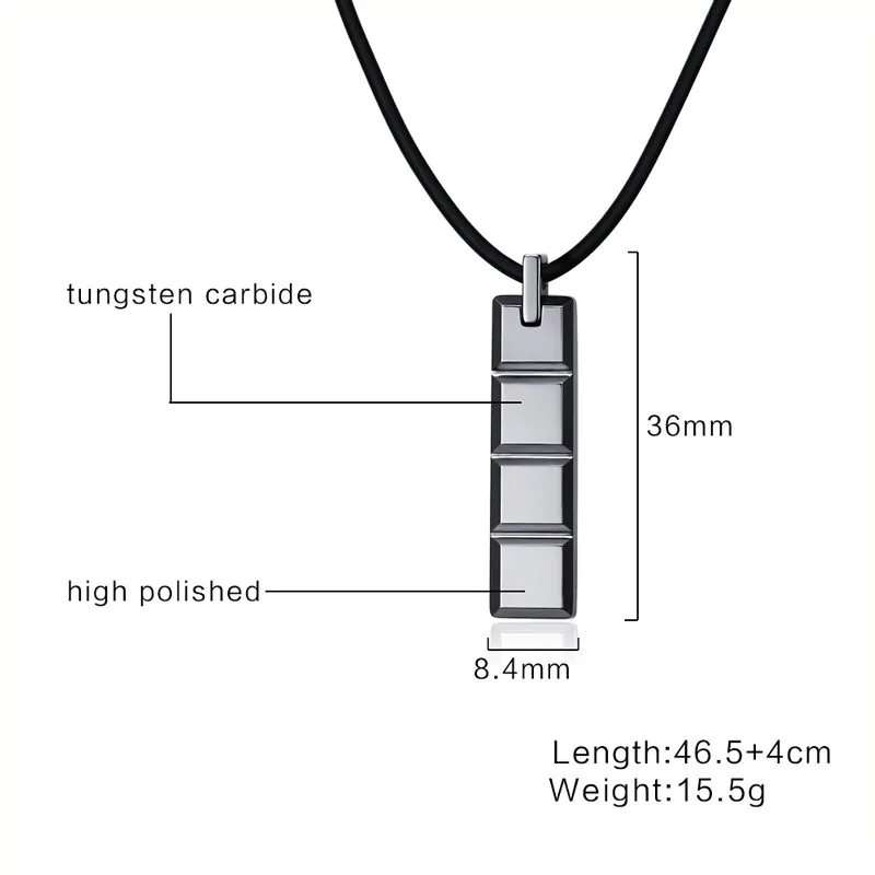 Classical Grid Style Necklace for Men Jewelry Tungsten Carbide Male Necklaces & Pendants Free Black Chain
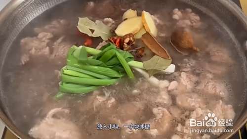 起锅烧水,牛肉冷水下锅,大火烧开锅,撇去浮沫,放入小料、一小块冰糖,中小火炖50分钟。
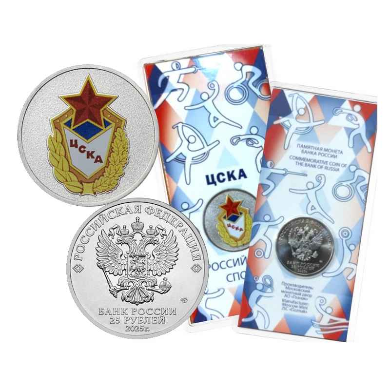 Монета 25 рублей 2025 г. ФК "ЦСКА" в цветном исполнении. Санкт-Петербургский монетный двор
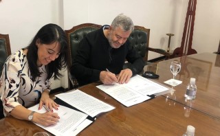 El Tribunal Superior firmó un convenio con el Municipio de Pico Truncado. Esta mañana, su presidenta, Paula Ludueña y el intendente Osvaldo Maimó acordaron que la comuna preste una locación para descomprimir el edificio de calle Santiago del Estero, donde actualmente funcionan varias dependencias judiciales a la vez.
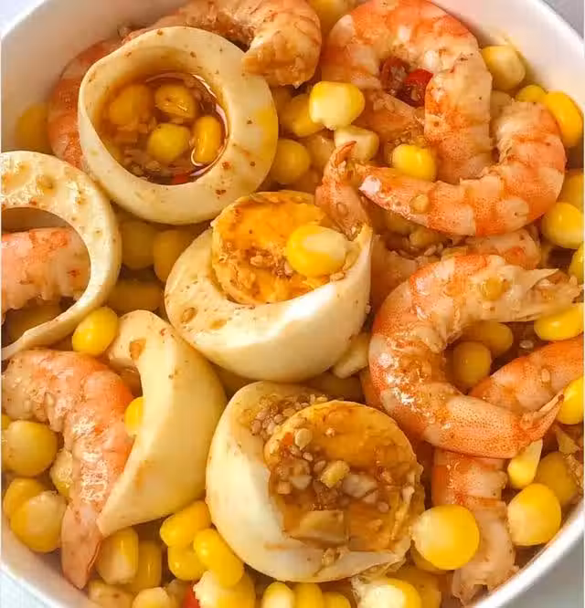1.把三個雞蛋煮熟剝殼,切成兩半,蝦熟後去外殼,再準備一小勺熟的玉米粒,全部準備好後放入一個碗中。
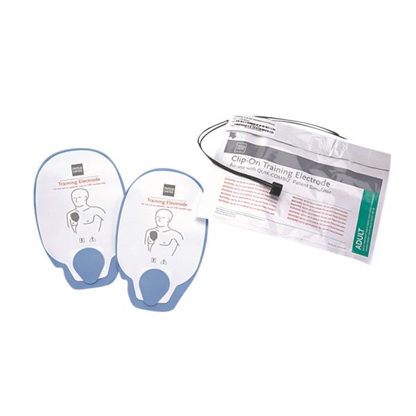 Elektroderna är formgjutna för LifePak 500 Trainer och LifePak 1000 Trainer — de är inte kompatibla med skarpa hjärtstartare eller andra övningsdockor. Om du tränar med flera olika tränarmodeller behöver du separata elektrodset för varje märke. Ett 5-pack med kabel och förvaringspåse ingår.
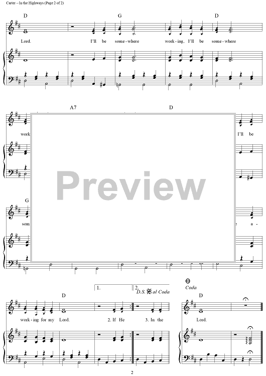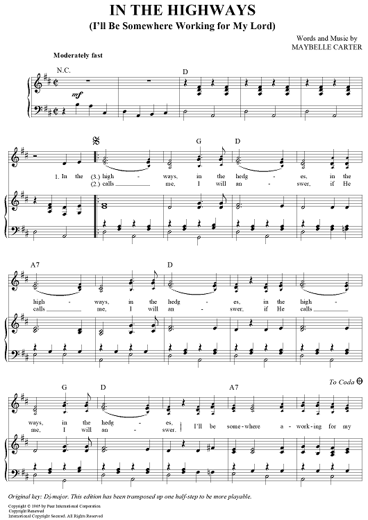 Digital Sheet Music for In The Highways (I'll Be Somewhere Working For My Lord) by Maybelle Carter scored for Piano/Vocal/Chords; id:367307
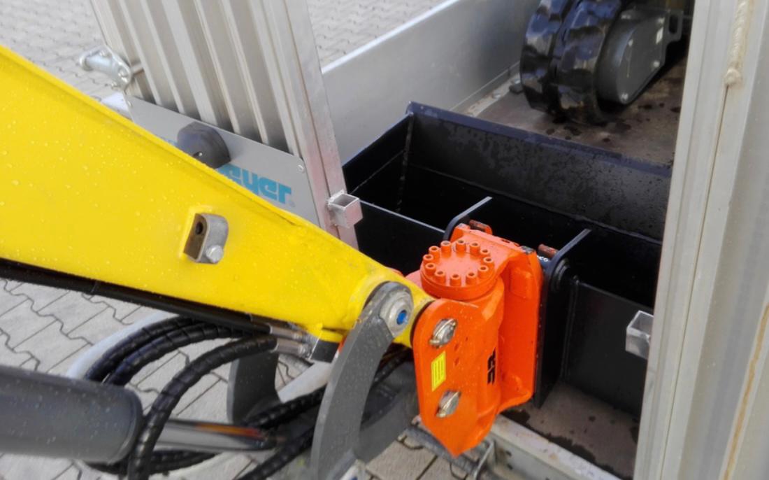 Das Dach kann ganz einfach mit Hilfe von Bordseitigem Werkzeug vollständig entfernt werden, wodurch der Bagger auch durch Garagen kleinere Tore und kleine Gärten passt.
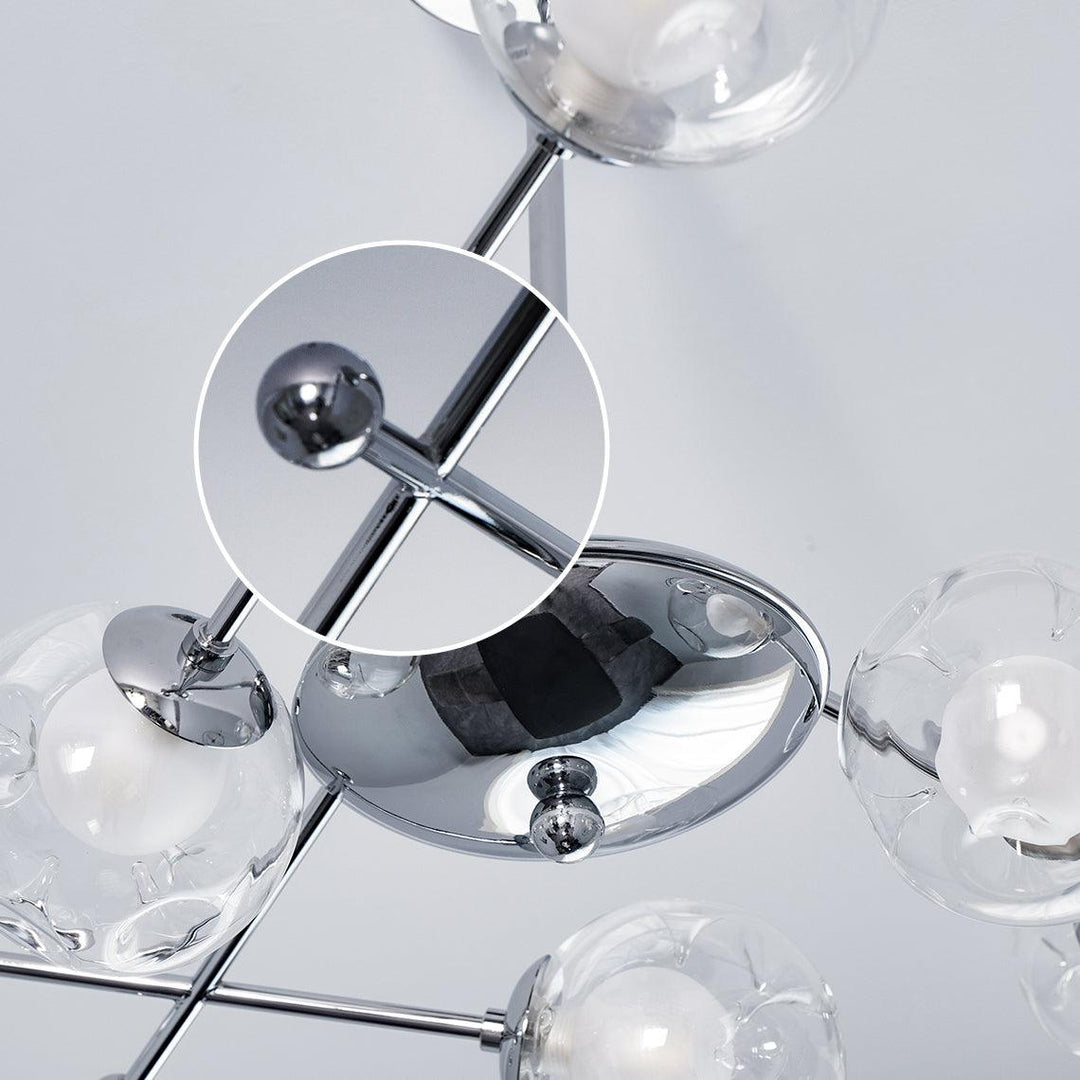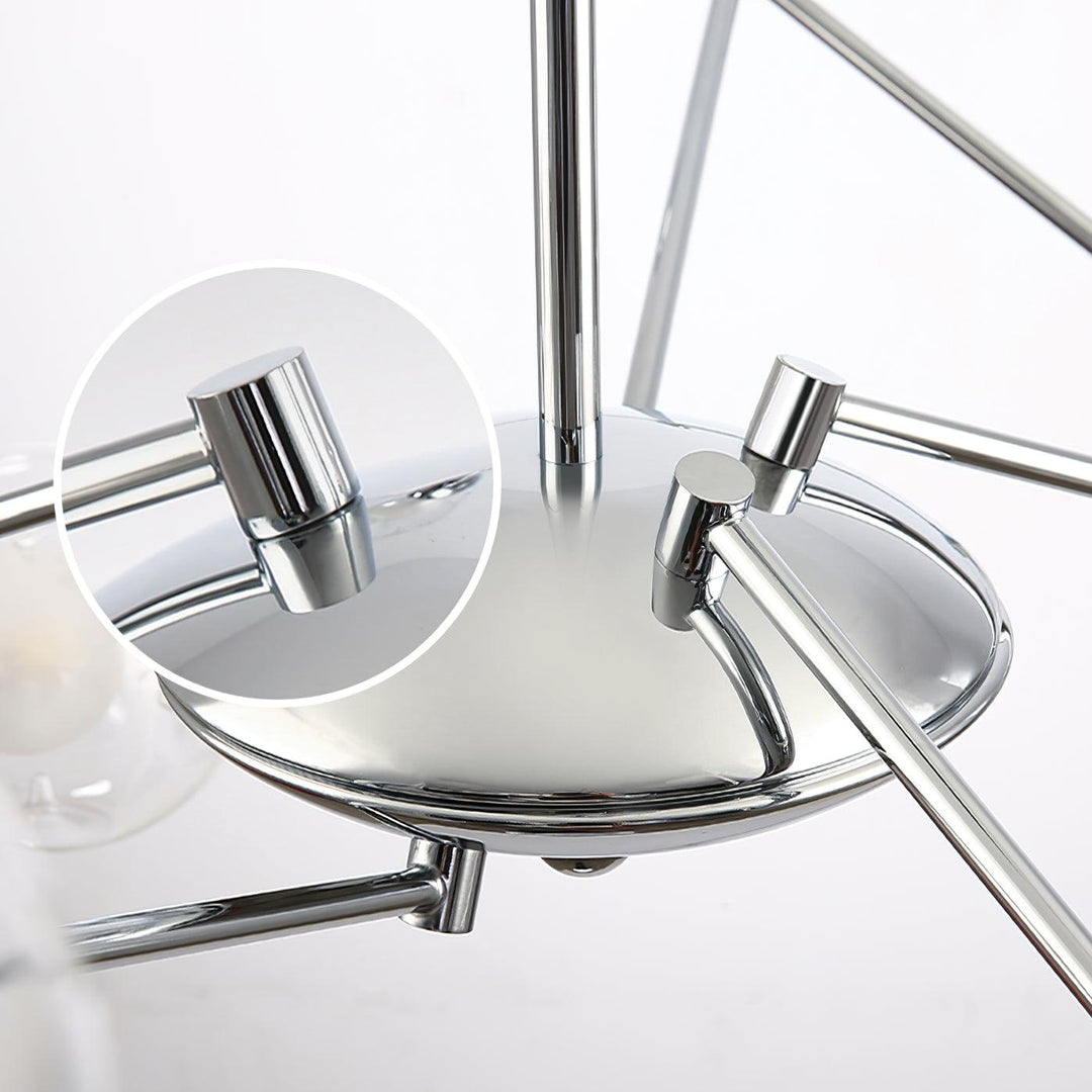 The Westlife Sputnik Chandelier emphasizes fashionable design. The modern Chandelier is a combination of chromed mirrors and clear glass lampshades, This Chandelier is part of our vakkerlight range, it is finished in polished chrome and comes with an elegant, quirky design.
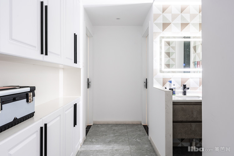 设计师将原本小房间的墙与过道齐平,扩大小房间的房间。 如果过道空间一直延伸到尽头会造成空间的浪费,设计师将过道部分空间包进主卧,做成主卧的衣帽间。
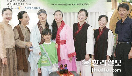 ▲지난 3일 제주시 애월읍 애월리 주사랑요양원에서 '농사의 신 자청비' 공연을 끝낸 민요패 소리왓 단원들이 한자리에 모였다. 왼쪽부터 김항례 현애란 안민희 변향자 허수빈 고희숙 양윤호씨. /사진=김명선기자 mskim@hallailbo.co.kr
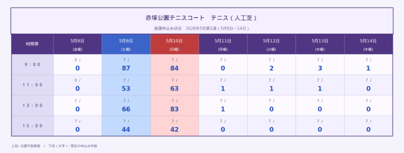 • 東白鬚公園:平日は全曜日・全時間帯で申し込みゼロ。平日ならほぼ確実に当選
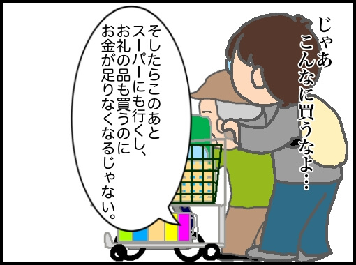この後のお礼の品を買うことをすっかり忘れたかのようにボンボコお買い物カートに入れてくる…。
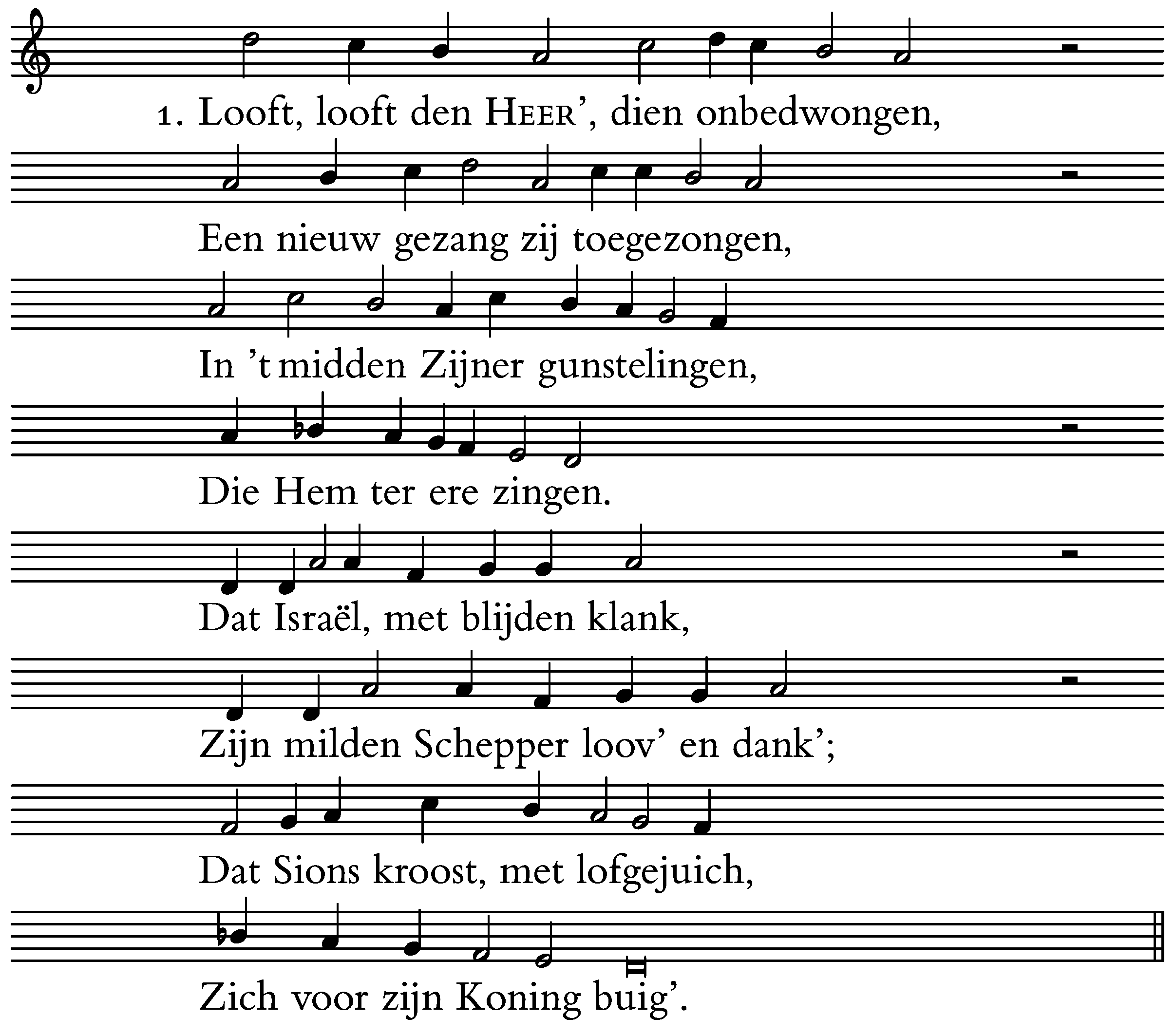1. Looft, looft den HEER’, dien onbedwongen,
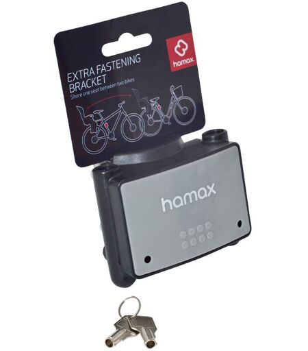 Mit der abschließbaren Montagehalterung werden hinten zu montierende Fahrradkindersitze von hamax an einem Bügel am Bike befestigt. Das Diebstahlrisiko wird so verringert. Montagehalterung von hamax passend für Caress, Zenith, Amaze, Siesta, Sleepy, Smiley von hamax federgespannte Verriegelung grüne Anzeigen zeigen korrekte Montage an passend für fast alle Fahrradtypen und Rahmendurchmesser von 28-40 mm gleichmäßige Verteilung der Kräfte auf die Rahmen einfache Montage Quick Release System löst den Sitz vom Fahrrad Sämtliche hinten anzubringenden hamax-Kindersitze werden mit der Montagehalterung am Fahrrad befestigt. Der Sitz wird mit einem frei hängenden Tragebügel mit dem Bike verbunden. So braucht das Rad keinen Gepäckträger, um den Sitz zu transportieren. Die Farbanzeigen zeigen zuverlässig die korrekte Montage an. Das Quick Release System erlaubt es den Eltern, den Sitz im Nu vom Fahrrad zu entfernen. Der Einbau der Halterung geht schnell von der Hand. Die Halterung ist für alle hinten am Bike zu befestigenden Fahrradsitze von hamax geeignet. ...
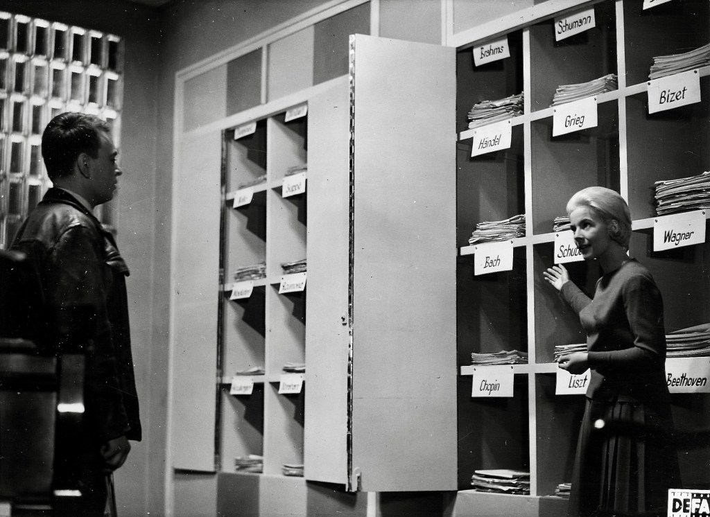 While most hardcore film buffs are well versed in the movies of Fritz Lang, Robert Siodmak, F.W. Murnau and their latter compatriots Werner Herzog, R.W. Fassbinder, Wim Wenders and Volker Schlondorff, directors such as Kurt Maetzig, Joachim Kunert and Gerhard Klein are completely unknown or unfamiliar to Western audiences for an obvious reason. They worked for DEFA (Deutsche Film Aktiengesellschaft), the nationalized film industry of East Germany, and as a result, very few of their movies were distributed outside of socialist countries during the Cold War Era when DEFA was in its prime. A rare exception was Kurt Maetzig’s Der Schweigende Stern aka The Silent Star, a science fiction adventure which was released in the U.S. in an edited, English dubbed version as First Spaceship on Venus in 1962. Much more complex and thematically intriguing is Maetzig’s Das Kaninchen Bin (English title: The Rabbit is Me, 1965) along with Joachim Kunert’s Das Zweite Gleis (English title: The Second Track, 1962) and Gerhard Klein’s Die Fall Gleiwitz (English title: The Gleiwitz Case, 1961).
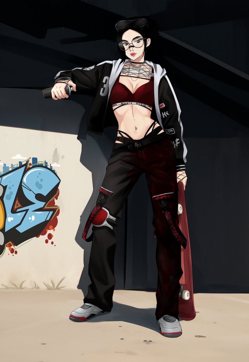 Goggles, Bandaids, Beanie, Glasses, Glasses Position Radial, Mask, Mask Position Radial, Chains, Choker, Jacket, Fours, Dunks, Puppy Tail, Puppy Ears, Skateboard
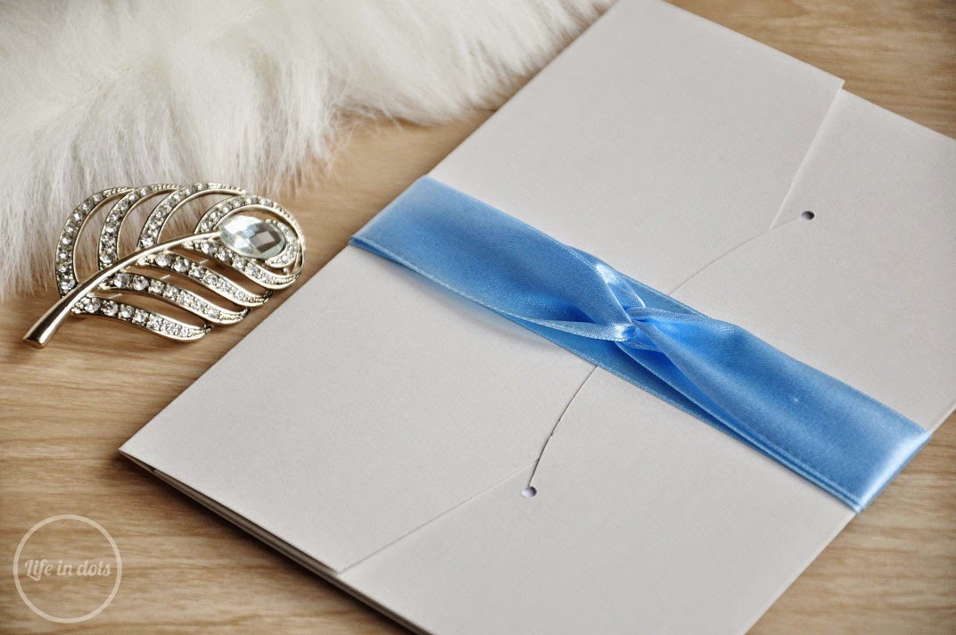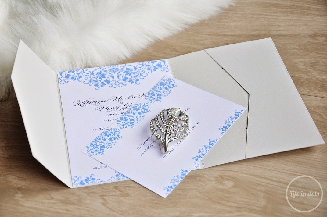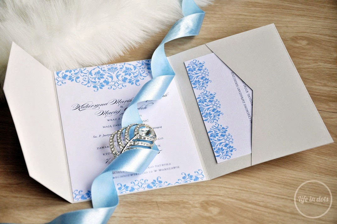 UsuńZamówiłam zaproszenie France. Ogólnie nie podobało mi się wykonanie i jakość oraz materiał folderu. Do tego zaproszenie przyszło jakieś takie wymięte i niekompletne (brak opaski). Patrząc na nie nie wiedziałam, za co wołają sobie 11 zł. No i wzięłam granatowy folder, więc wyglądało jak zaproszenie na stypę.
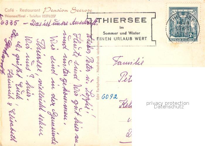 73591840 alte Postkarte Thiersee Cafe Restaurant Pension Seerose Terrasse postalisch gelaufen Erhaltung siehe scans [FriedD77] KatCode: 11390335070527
################
◆ Work to complete: Pictures excluded, reproduce only the part above that opens with the line holding "起锅烧水,牛肉冷水下锅,大火" and closes with the line holding "Монета 25 рублей", exactly as written.

◆ Output for this exercise:
 起锅烧水,牛肉冷水下锅,大火烧开锅,撇去浮沫,放入小料、一小块冰糖,中小火炖50分钟。
 Монета 25 рублей 2025 г. ФК "ЦСКА" в цветном исполнении. Санкт-Петербургский монетный двор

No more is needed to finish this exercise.